I don't think that the article explains it good enough. So I'm interested in further resources on this and an expansion of its explanation in the article.

Here's a few more specific questions:

  • >A limit experience breaks the subject from itself.
Sounds much like the psychedelic culture's depersonalization and ego death. Are those related or maybe even subordinate? (See: Psychonautics)
  • >It was at the edge of limits where the ability to comprehend experience breaks down that Bataille sought to live.
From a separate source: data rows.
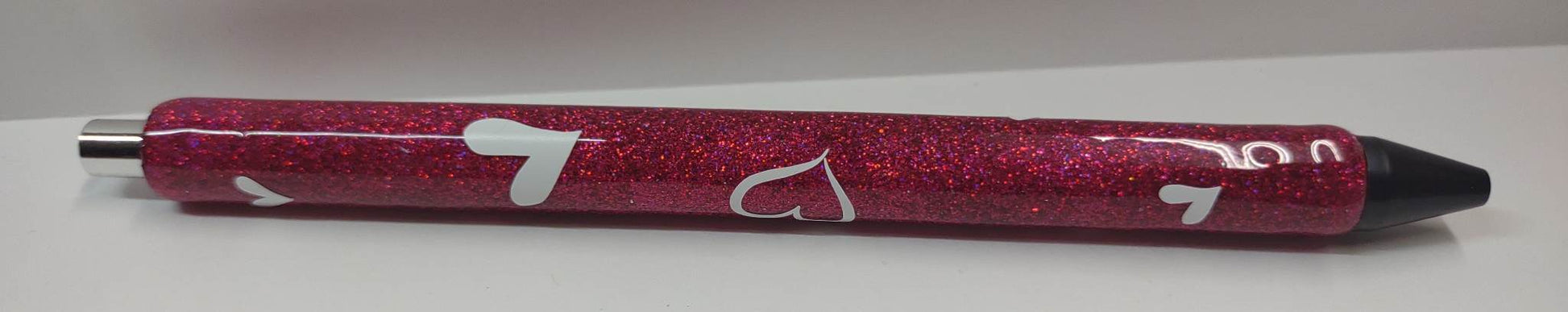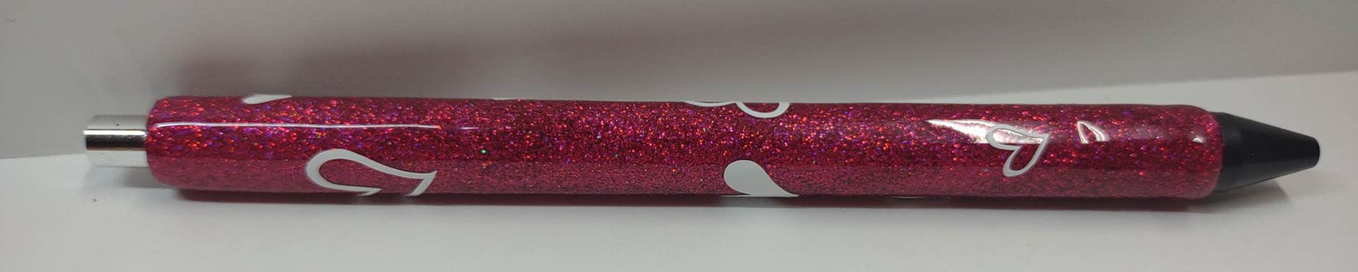 DARK PINK GLITTER PEN WITH WHITE HEARTS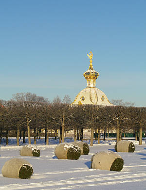 Нептун в окружении свиты и одинокий Аполлон взирающий на своего божественного родственника, да небольшие ёжики шарообразных туй, защищённые от яркого Солнца серой мешковиной.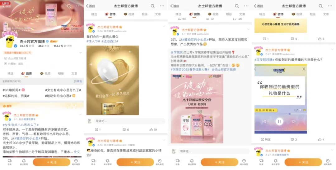 微博:杰士邦在微博有35.7w粉丝,主要内容以话题互动、产品种草、有奖互动为主。

Shouldn't this say where Bataille sought to live?
  • >the point of life which lies as close as possible to the impossibility of living, which lies at the limit or the extreme
In what sense "impossible"? By biological means (e.g. starvation) or otherwise?
  • >A limit-experience is a type of action or experience which approaches the edge of living in terms of its intensity and its seeming impossibility
Again in what sense "impossible" (or is it rather "unlikely" / "abnormal" [in the sense of human experience]?)? And for instance would war-experiences be considered limit-experiences for their intensity?
  • >Classical instances of limit experiences include abandonment, fascination, suffering, madness, and poetry [...]
>Limit-experience is a type of somaesthetic "edgework" that goes on to test the limits of ordered reality
So are "limit-experiences" altered states of consciousness evoked by intense, abnormal experiences that are not evoked by psychedelic drugs?